Groundhogday on March 21 @ 08:37 PM CDT

I looked him up: Jacob Parker. 6'6" 210 lbs. He looks big because the rest of the team is so small. Finke is a good 4 inches taller and probably 20 lbs bigger. But the sure look similar in build and hair!

Bear8287 on March 21 @ 08:52 PM CDT

I guess we'll take this to mean that Coach Underwood is probably going to be "good" with the man-bun. :-)

Groundhogday on March 22 @ 03:06 PM CDT

Yep. But only for the 5 position. :)

Bear8287 on March 23 @ 02:25 AM CDT

Speaking of offense. The Illini got down early against UCF and looked like the Illini of earlier in the B1G part of the season.

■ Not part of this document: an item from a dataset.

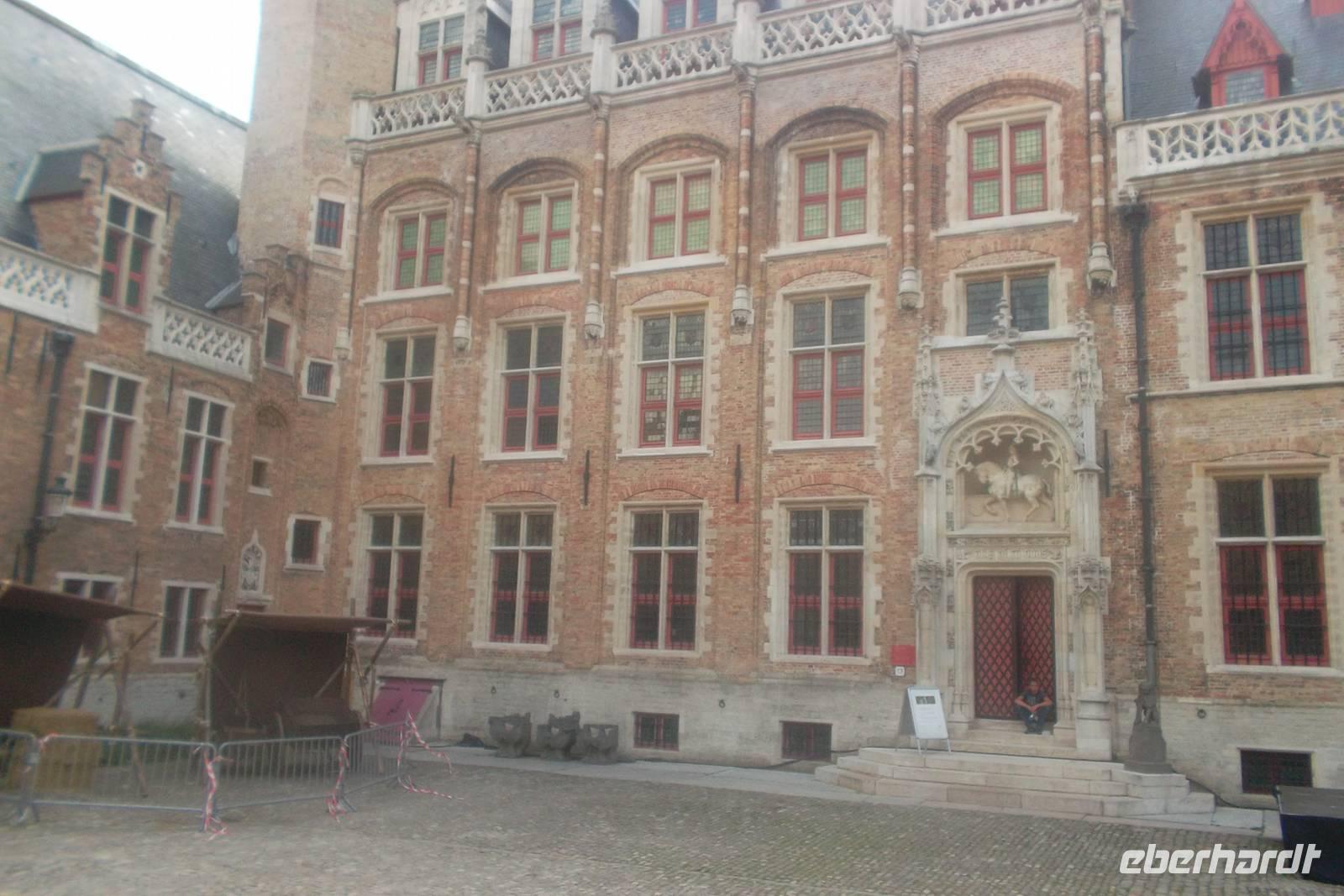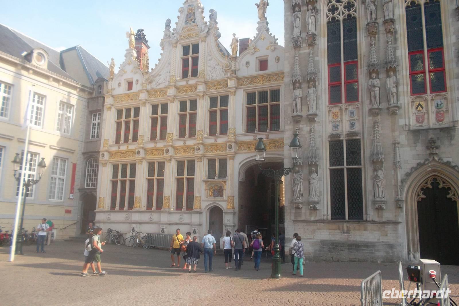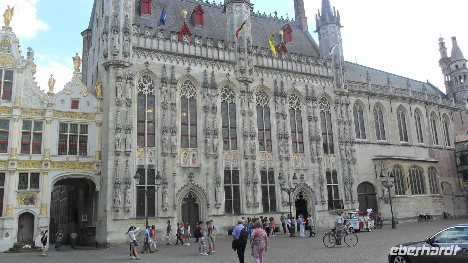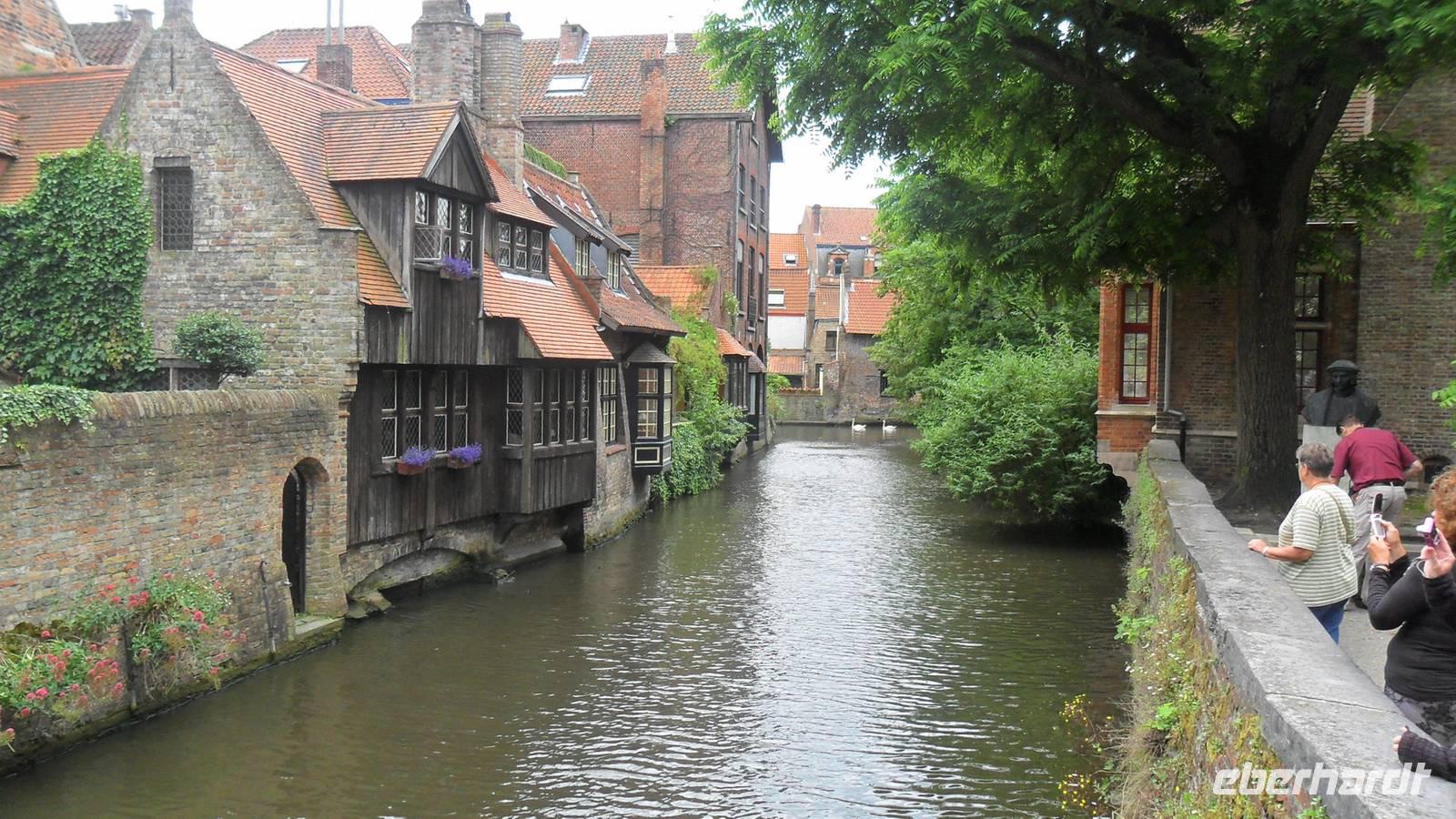 Nach Damme besuchten wir Brügge, einen der großen Touristenmagneten Belgiens und gewiß eine der schönsten belgischen Städte. In dieser Stadt, die so typisch ist, scheint die Zeit stehengeblieben zu sein. Wir nahmen unseren Weg vom Busparkplatz und „schlängelten" uns durch die alte Handelsstadt, die auch für Hansekontor berühmt war, vorbei am „Minnewater", früher als äußerer Handelshafen wichtig für die Stadt durch seine Zoll- und Schleusenanlage. Dann folgte der Besuch des alten Beginenhofes, in dem im Spätmittelalter die Angehörigen einer christlichen Laiengemeinschaft lebten, ähnlich wie in einem Kloster. Der „Walplein", früher von Brauereien umstanden, von denen heute nur noch eine existiert folgte und dann ging es durch enge Gassen bis zur Brücke mit schönem Blick auf das Sint-Jans-Hospital. Es war eines der größten Hospitäler Europas, hatte seinen eigenen kleinen Hafen und beherbergt heute das Memling-Museum und eine der ältesten europäischen Apotheken. Die Liebfrauenkirche ragt nicht nur mit ihrem weithin sichtbaren 122 m hohen Turm auf, sondern enthält ein besonderes Kunstwerk, eine perfekt gearbeitete schneeweiße Marmormadonna von Michelangelo, die einst ein reicher Brügger Handelsherr dem Künstler aus Florenz abkaufte und der Stadt überließ. Auf dem ehemaligen Kirchhof, der Liebfrauenkirche findet sich ein Blick auf das kleinste gotische Fenster der Welt und eine fotogene, oft als Brügges malerischste Grachtenszenerie bezeichnete Idylle. Auch das „Gruuthuse", Brügges schönster Adelspalast, durfte nicht fehlen, bevor wir den Rundgang zur viel fotografierten Rozengracht, zum Huidenvettersplein, dem alten Gerbermarkt, und zum Fischmarkt fortsetzten. Gleich darauf erreichten wir die „Burg". Von der einstigen Anlage, die bei Gründung Brügges eine Rolle spielte, ist nur der Name erhalten geblieben - aber nahezu atemberaubend ist hier der Anblick des hochgotischen Rathauses mit seinen herrlichen Skulpturen und die überregional bedeutende Heiligblutkappelle. In dieser romanisch-gotischen Doppelkapelle, wird eine Reliquie aufbewahrt, die angeblich Blutstropfen von Jesus Christus enthält. Nach einem Abstecher zum „Groote Markt", den der imposante Belfried, zu einer Stadtburg mit gewaltigem, 83 m hohem Turm gestaltet, beherrscht und der von alten Patrizierhäusern verschiedener Epochen gesäumt wird, ging es zu einem weiteren Höhepunkt: Brügge vom Wasser aus bei einer Grachtenrundfahrt kennenzulernen, ist ein echtes Erlebnis, das einen fast noch mehr ins Mittelalter versetzt wie der Rundgang durch die Gassen.

Have to give them credit though. They did fight back. The defense was adequate tonight, but the offense was pretty atrocious. The Illini out shot UCF 62-49 but made 3 fewer baskets. Ugh. Had some good looks at open 3's late in the game, but couldn't get them to go down.

Illini won the points off turnovers 19-9, but still lost by 10 points. Ouch.

Illini got hammered on the boards 26-43, but some of that is to be expected when a team shoots so poorly. Fall pretty much negated Morgan holding him to one rebound for the evening while, Davis, Fall and Banyard went for 9, 10 and 10 rebounds respectively.

Malcolm finished with 29 points and 6 rebounds. 3rd highest scorer in Illini history plus did so much more for the team. It's a shame that he never got a chance to play in an NCAAT game. Hopefully that all ends now.

Already looking forward to next season and a more exciting brand of Illini basketball.

HiggsBoson on March 23 @ 06:41 AM CDT

I'm looking forward to not having to watch this particular edition of Illini basketball anymore. My first though last night was "didn't we fire John Groce already?".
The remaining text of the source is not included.